McGee v. State

On Motion for Rehearing.

Appellant’s attorney files his affidavit accompanying his motion for rehearing, seeking to show diligence in having filed his statement of facts and bills of exceptions within the time allowed by law and the order of the court.

[2,3] This affidavit, in substance, shows that Judge Oxford held one week of the term of Judge Swayne’s court in Ft. Worth, at which time this case was tried. It further shows that Judge Oxford left Ft. Worth and went to his home immediately after the overruling of his motion for a new trial and his notice of appeal, etc.; that within ten days thereafter he prepared his three bills of exception, and within a very short time thereafter ordered and requested the official stenographer to make out a statement of facts. The affidavit does not state when the statement of facts was made out. The statement of facts with the record contains not quite 36 pages in typewriting. Of course, we know, and every one knows, that such a statement of facts could have been made out within a very few days.

The afiidavit further shows that appellant awaited the return of Judge Swayne, showing that he was sick, out of the state, and absent for several weeks thereafter. It seems from the affidavit that appellant’s attorneys depended on getting his bills of exceptions and statement of facts approved by Judge Swayne; that, even after waiting these several weeks for Judge Swayne’s return, he did not see him to get him to pass on these documents for some time after his return. Under the law Judge Swayne, not having tried the ease, could have approved neither the statement of facts nor bills of exception, under both the statute and the decisions. Richardson v. State, 71 Tex. Cr. R. 111, 158 S. W. 517, and many other cases.

The affidavit further shows that it was not until some time after Judge Swayne’s return, the time not definitely stated, that he even saw Judge Swayne and was told by him that, as he had not tried the case, he preferred that Judge Oxford act on these papers; that he attempted to find Judge Oxford or get the papers to him. The whole affidavit shows such a lack of diligence that, under no authority, can we consider the statement of facts or bills of exception. There are a great many decisions of this court holding that, under such circumstances as shown herein, this court cannot, and will not, consider either the statement of facts *310or bills of exception. We cite only a comparatively few of them. Turner v. State, 22 Tex. App. 42, 2 S. W. 619; Henderson v. State, 20 Tex. App. 304; Bryant v. State, 35 Tex. Cr. R. 395, 33 S. W. 978, 36 S. W. 79; Bell v. State, 31 Tex. Cr. R. 521, 21 S. W. 259; Riojas v. State, 36 Tex. Cr. R. 182, 36 S. W. 268; George v. State, 25 Tex. App. 229, 8 S. W. 25; Monk v. State, 38 Tex. Cr. R. 602, 44 S. W. 158; Dennis v. State, 41 Tex. Cr. R. 160, 53 S. W. 111; Adams v. State, 60 S. W. 255; Shaffer v. State, 65 S. W. 1072; Ashman v. State, 74 S. W. 317; Murphy v. State, 45 S. W. 719; Bracy v. State, 49 S. W. 598; Farris v. State, 26 Tex. App. 107, 9 S. W. 487; Aistrop v. State, 31 Tex. Cr. R. 467, 20 S. W. 989; Jones v. State, 163 S. W. 75; Gowan v. State, 73 Tex. Cr. R. 227, 164 S. W. 6; Laws v. State, 73 Tex. Cr. R. 287, 164 S. W. 1015.

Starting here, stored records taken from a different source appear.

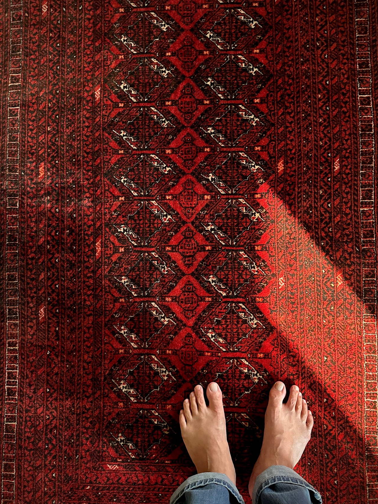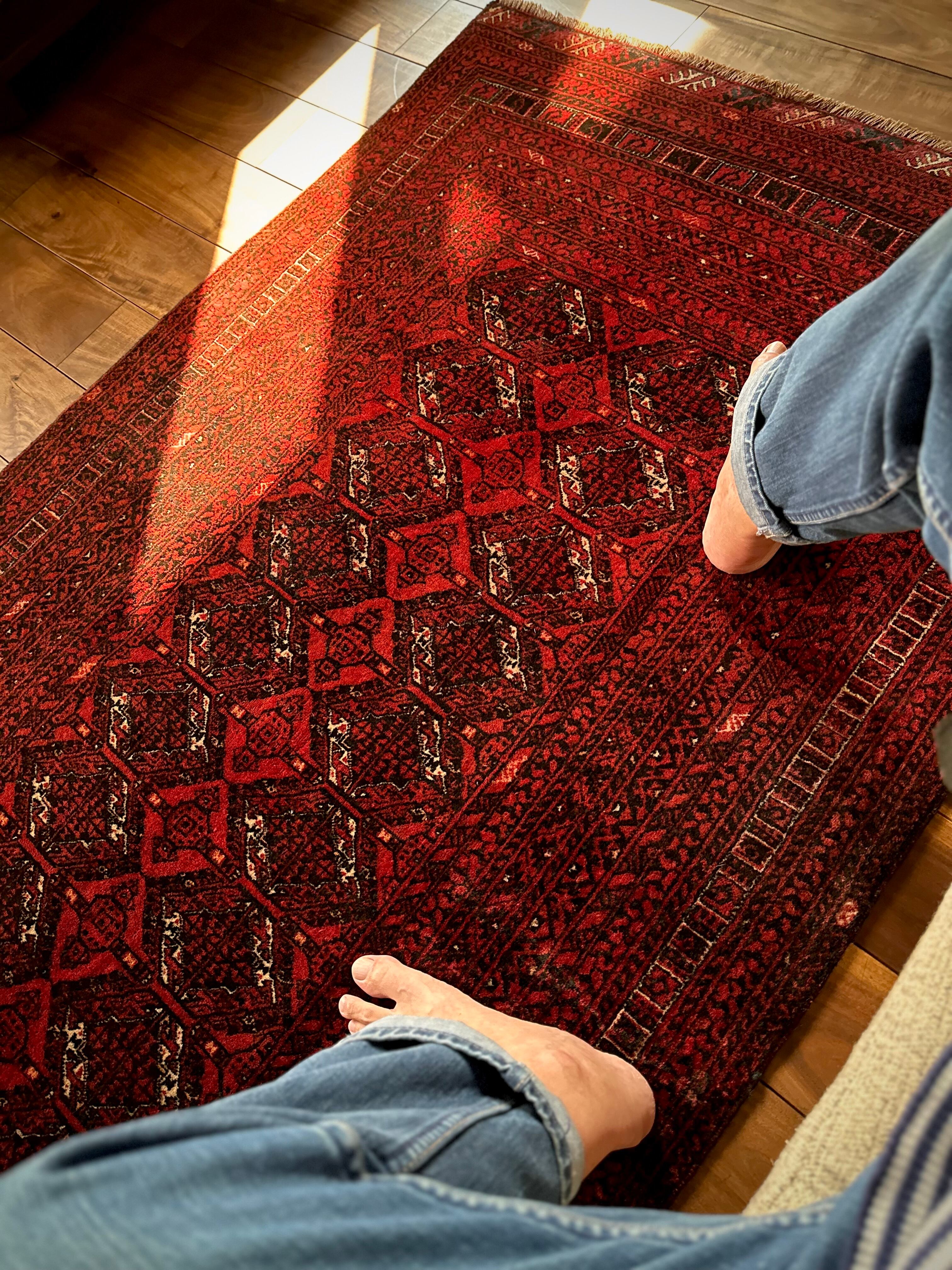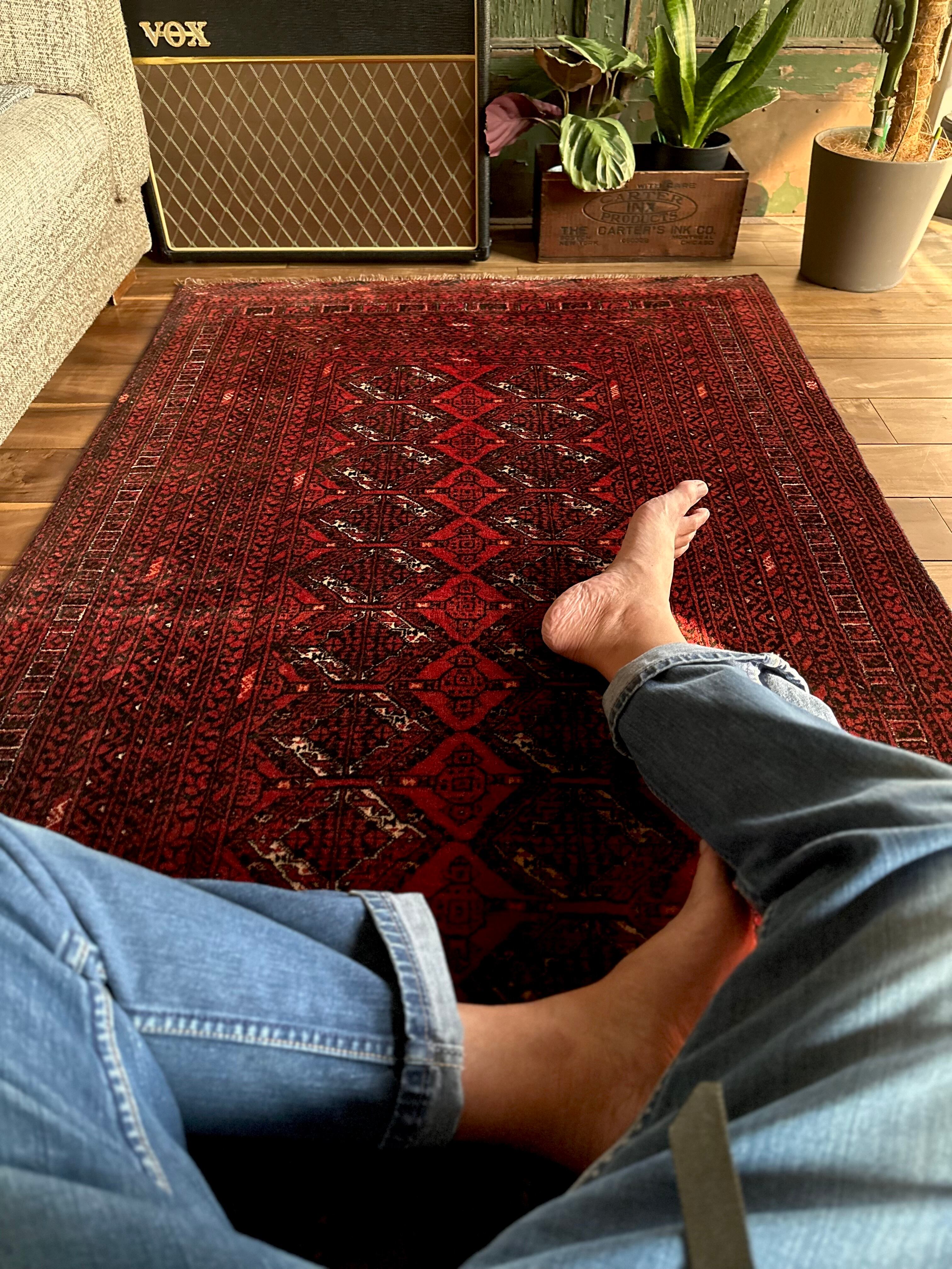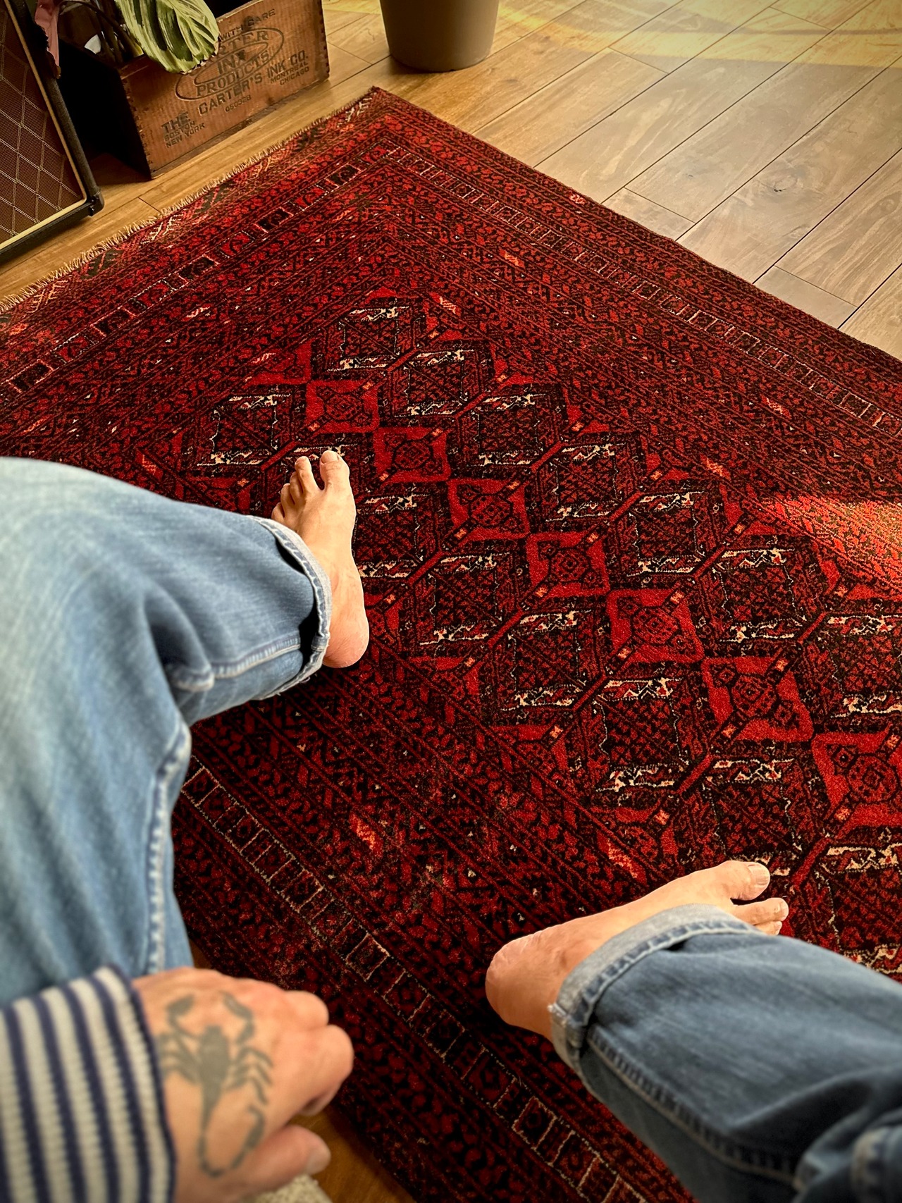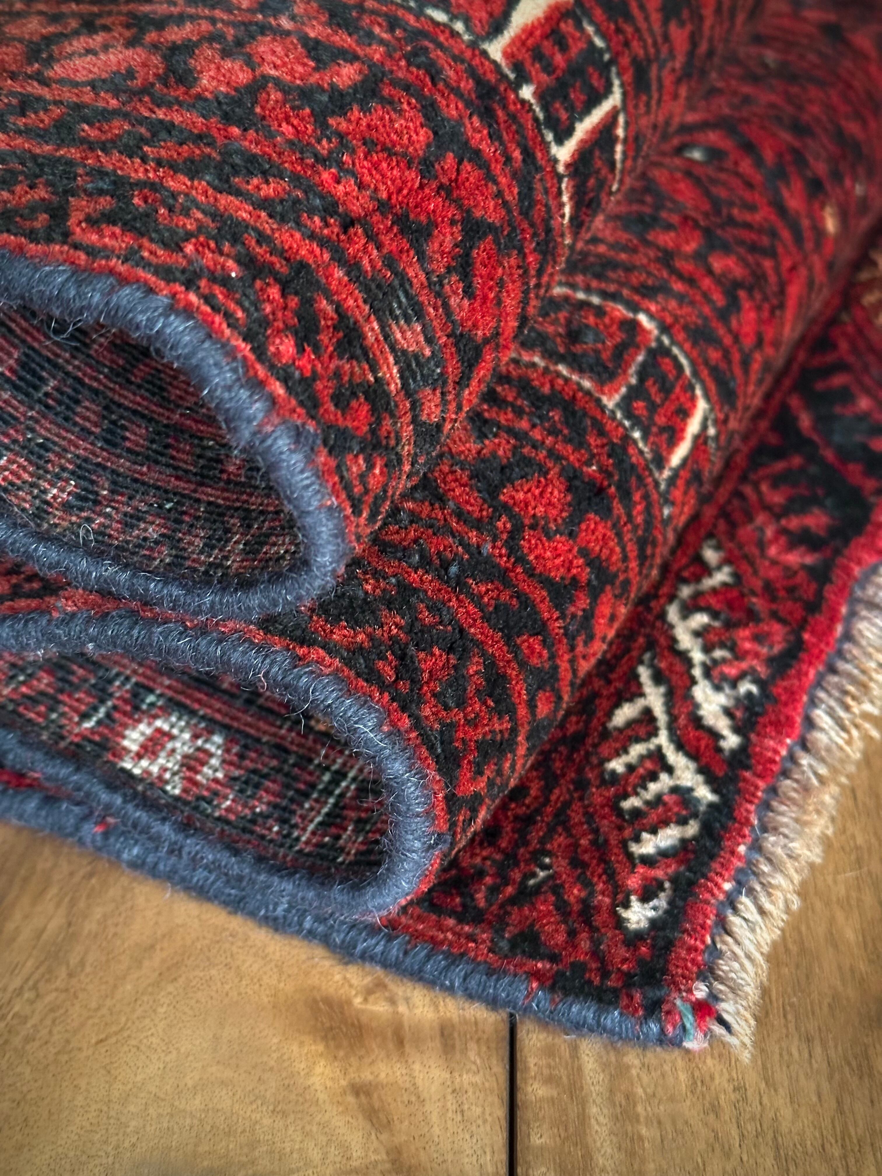 見るからにガシッと丈夫そうに織られた真っ赤な絨毯のこちらは、アフガニスタン北西部のマイマナに居住するトルクメン族のトライバルラグで、詳細は不明ですが”Baba Sediq”と呼ばれる柄の1枚になります。
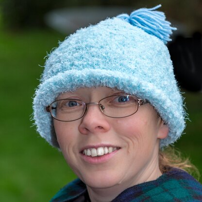 I loved using this yarn, which is so tactile, soft and fluffy, it was difficult to count my rows and stitches to get the tension information for the pattern, as you can't really see the stitches at all. I also love the fact that, using Robin Fleece yarn, you only need one ball to make this hat. A simple cowl to accessorise with it would only require one ball, too.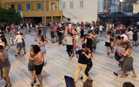 U petak navečer, cijeli je Trg slobode zaplesao u ritmu tanga. Hrvatsko udruženje tango plesača, već desetak godina organizira susrete i međunarodnu školu tanga u Poreču, pa se tako i ove godine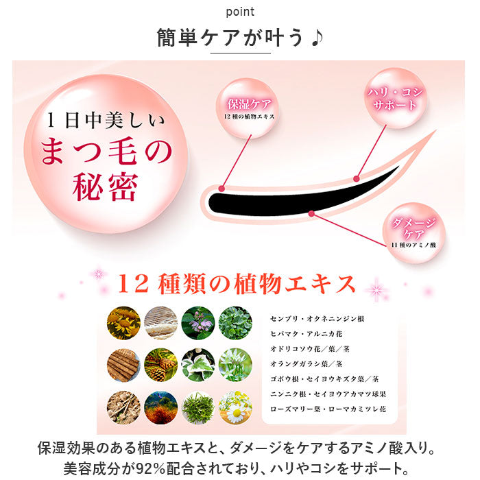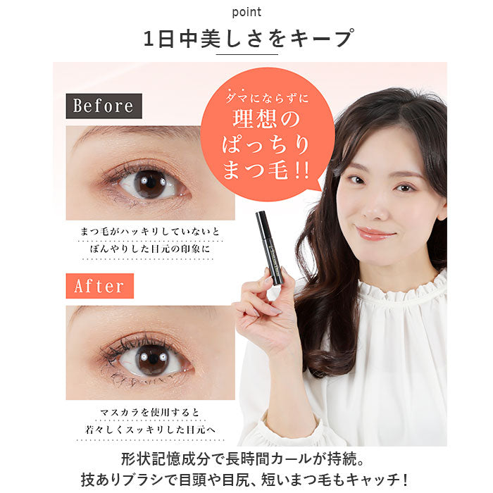 ・形状記憶成分で長時間カールが持続。技ありブラシで目頭や目尻、短いまつ毛もキャッチ!ダマになりにくく、理想のぱっちりまつ毛に。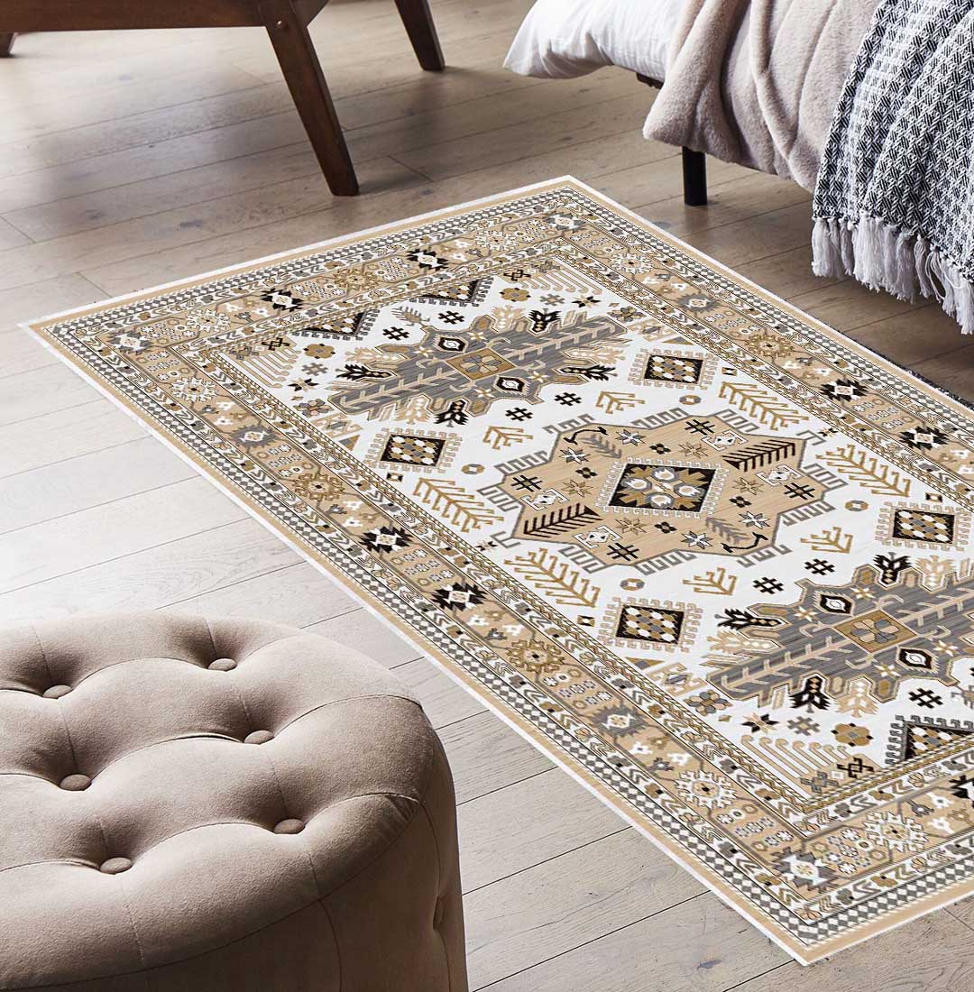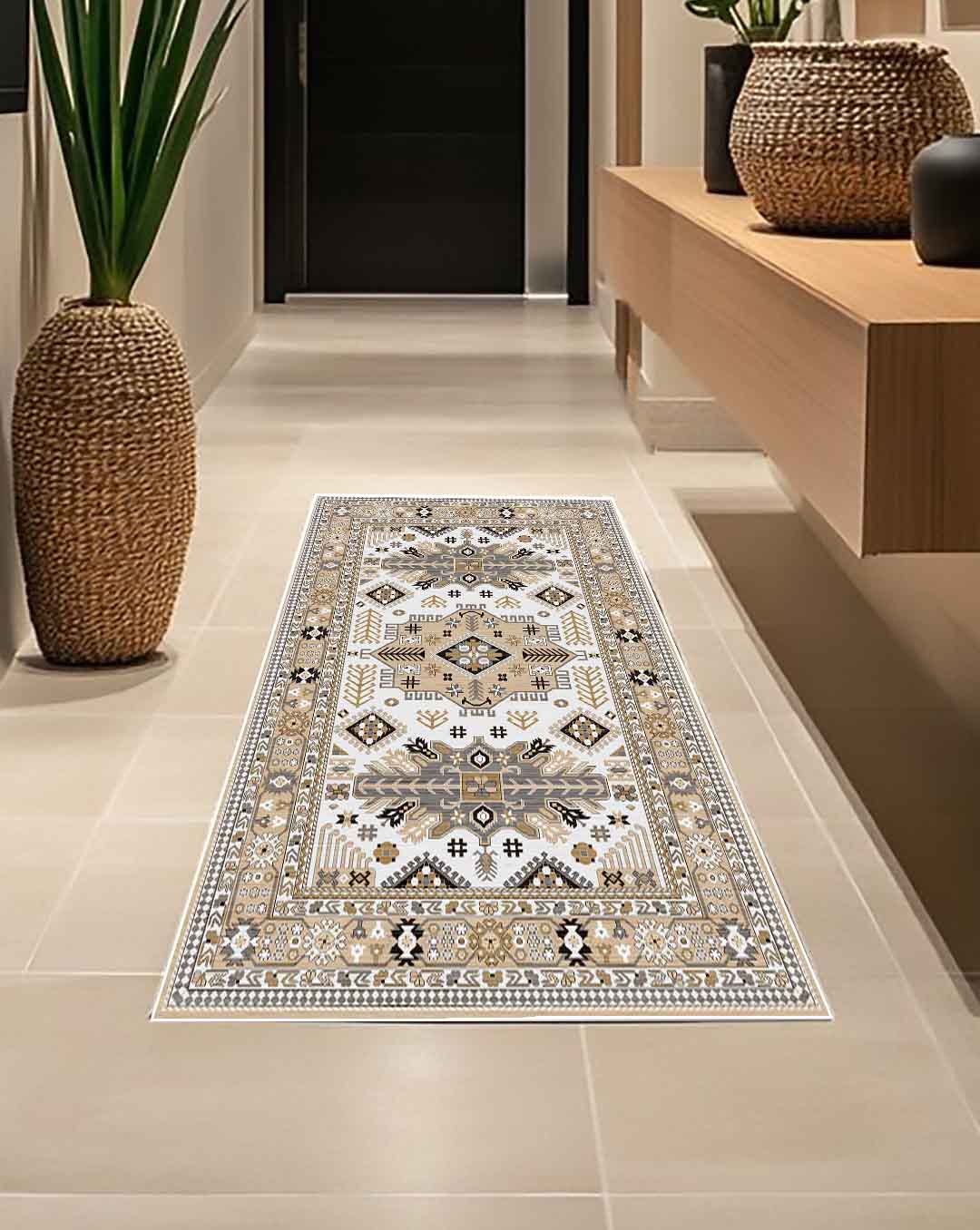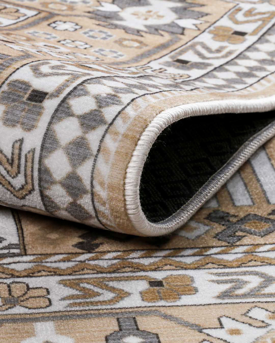 Fedezze fel ennek a geometrikus törzsi szőnyegnek az eleganciáját, magával ragadó mintával, földes bézs és szürke tónusokban! Ideális a modern és hagyományos stílusú terekhez, ez a szőnyeg kiváló minőségű, strapabíró anyagokból készült, így hosszú élettartamot és rugalmasságot biztosít a nagy forgalmú helyeken. Részletgazdag dizájnja mélységet és karaktert ad, így a nappali vagy a hálószobák tökéletes központi eleme.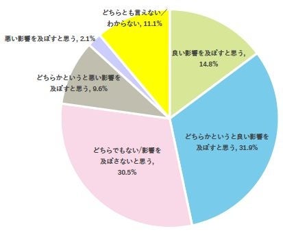 部活動が受験に対してどのような影響を及ぼすと思うか質問したところ、46.7%が「良い影響を及ぼすと思う」(良い影響を及ぼすと思う:14.8%、どちらかというと良い影響を及ぼすと思う:31.9%)と回答しました。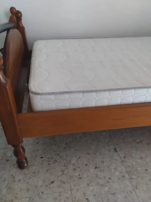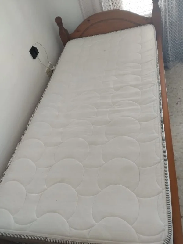 В комплект входит кроватный каркас + 2 прикроватные тумбочки, купленные в Suntower Plaza и оригинальный наматрасник.
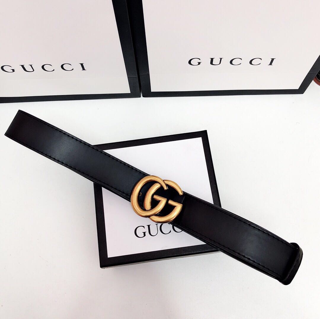 在Black Imprime腰带的“ double G”搭扣上寻找金属质感。在此皮带上,带扣由规则的G和上下颠倒的G组成。正常的G具有哑光的表面,而上下颠倒的G应该具有金属的黑色表面。皮带的内部应该是绒面革材料。“ double G”徽标应完美地印在整个皮带上。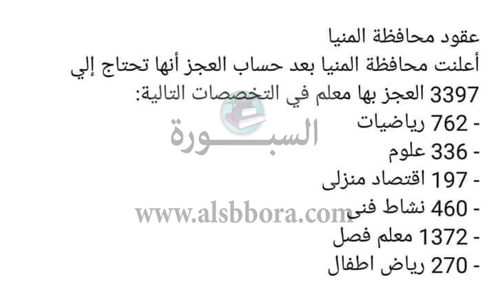 اعلنت مديرية التربية والتعليم بمحافظة المنيا حاجتها الى 3397 معلما لسد العجز على مستوى المدارس فى جميع المراحل التعليمية، حيث جاءت التخصصات كالتالى:

However, we will state that we have examined each of appellant’s three bills of exceptions and have read carefully the statement of facts. The evidence clearly establishes appellant’s guilt if we could consider the statement of facts. Neither of his bills of exceptions would present any error authorizing a reversal if we could consider them, so that in no event could this court have done otherwise than affirm this case. The motion is overruled.

DAVIDSON, J., not present at consultation.